La démission d’Andrea Nahles est un coup dur pour la grande coalition. La présidente du SPD s’était battue pour qu’une nouvelle alliance droite-gauche voie le jour ; lors d’un congrès du SPD l’an dernier, elle avait tenu un discours enflammé pour emporter le soutien des militants, comme nous le rappelle notre correspondant à Berlin, Pascal Thibaut.
Les deux partis de la coalition avaient prévu des réunions de crise séparées, annoncées depuis la semaine dernière pour faire un bilan du scrutin européen, où tant les chrétiens-démocrates d’Angela Merkel (CDU) et le SPD ont vu leurs scores plonger à des plus bas historiques. Mais les rencontres ont pris de l’importance avec le départ de Mme Nahles de la tête du parti de centre-gauche, désormais déboussolé.
Andrea Nahles avait été auparavant quatre ans ministre des Affaires sociales d’Angela Merkel et était également un pilier de cette grande coalition. Les conservateurs se félicitaient d’ailleurs de la coopération avec la présidente du SPD, même si les négociations étaient parfois difficiles.
Les sociaux-démocrates en pleine crise existentielle
Battu sèchement aux législatives de 2017 et humilié aux Européennes, le SPD, relégué à 15% derrière les Verts, est cependant en pleine crise existentielle. Certains réclament depuis des mois une cure de jouvence dans l’opposition et un virage à gauche, même si celui-ci pourrait faire tomber Mme Merkel avant la fin de la législature en 2021.
Mais la décision est compliquée par les absences de programme et de figure incontestée pour prendre la tête du parti, ainsi que la crainte d’un résultat catastrophique en cas de législatives anticipées.
Ce n’est donc pas un hasard si dimanche 2 juin, les chrétiens-démocrates de la CDU, nerveux suite à l’échec électoral des Européennes, ont plaidé pour la poursuite de la grande coalition, un plaidoyer dirigé surtout à Angela Merkel. La chancelière a promis dimanche 2 juin la stabilité de la coalition, assurant que son gouvernement allait « continuer (le) travail avec tout notre sérieux et surtout notre sens des responsabilités ».

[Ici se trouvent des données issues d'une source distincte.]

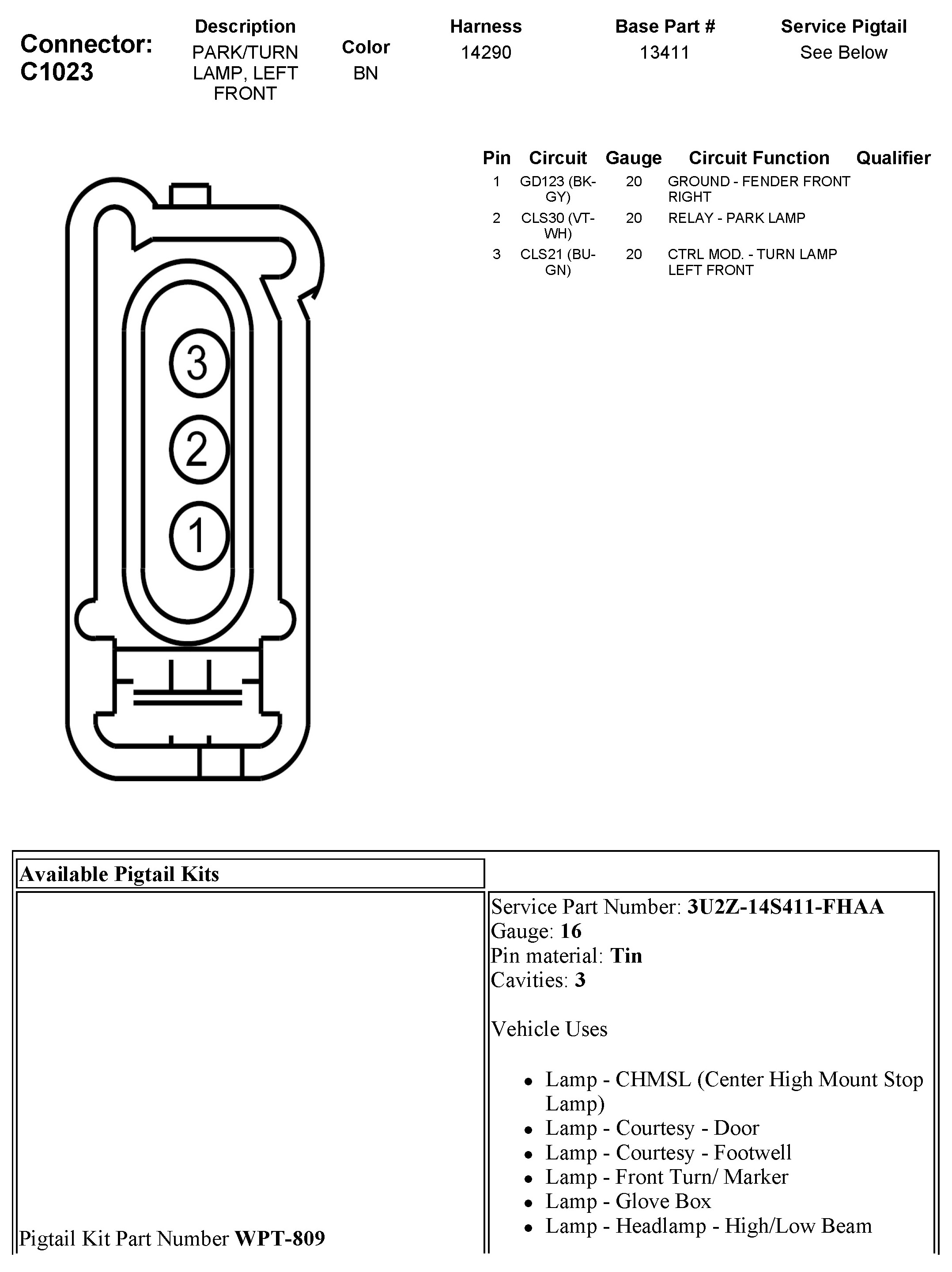 C1023 Park/Turn Lamp, Left Front

Des législatives anticipées seraient à très haut risque pour les deux partis historiques
Bien que les deux partis accentuent leurs différences depuis des mois sur les questions sociales et climatiques, les conservateurs n’ont pas d’alternative. D’abord, un gouvernement minoritaire n’est pas dans les gênes de la République fédérale. Puis les Verts, qui ont le vent en poupe, veulent d’abord des élections anticipées si on leur tend les bras pour une alliance. D’ailleurs, ni la CDU ni le SPD n’y ont un intérêt : un recul est prévisible.
De plus, la dauphine d’Angela Merkel, Annegret Kramp-Karrenbauer, n’a toujours pas convaincu et est désormais ouvertement critiquée depuis les Européennes, malgré les six mois depuis son élection, ayant enchaîné les faux pas, s’aliénant notamment d’influents YouTubeurs avant le scrutin.
Des législatives anticipées dans de telles conditions seraient une première en Allemagne et à haut risque pour les deux partis qui ont dirigé ensemble ou à tour de rôle le pays depuis 1949.